The pair will also continue sharing their Brooklyn home after the split “for the time being.”

“I can look back now and say, ‘Here were these inflection points where we should have been saying something to each other,’” de Blasio told the Times. “And I think one of the things I should have said more is: ‘Are you happy? What will make you happy? What’s missing in your life?’”

“I just want to have fun,” McCray added. “It’s not that we haven’t had fun.”

“How can you be a couple in the fullness of what you tend to think,” she continued, “when you’ve got this responsibility on your shoulders and you don’t want to add to that?”

The couple first married in 1994 in Brooklyn’s Prospect Park. McCray was allegedly an “out lesbian” when the couple first met and de Blasio said he “always lived” with the thought that their relationship was a “time bomb ticking.”

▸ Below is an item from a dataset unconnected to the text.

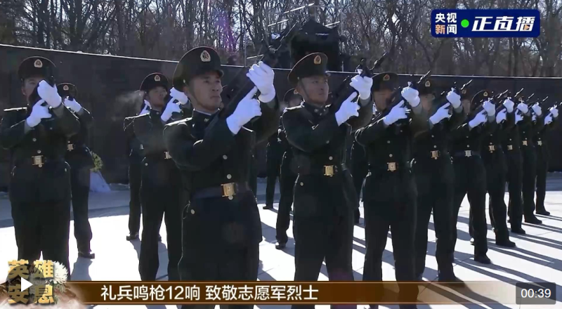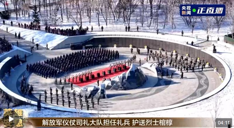 随着《思念曲》再次低回奏响,礼兵们抬起志愿军烈士棺椁绕广场半周,缓缓走向安葬地宫。全场人员凝视烈士棺椁,向烈士献花致敬,并瞻仰烈士英名墙。据了解,2014年至今,累计共有938位在韩志愿军烈士遗骸在这里安息。

“For the guy who took the chance on a woman who was an out lesbian and wrote an article called ‘I Am a Lesbian,’” de Blasio told the Times, “there was a part of me that would at times say, ‘Hmmm, is this like a time bomb ticking? Is this something that you’re going to regret later on?’”

“So I always lived with that stuff,” he added.

After leaving office in 2021, de Blasio ran for Congress in 2022. He ultimately withdrew from the race on July 19 – two months after announcing his campaign on May 20 – and announced it was “time for me to leave electoral politics.”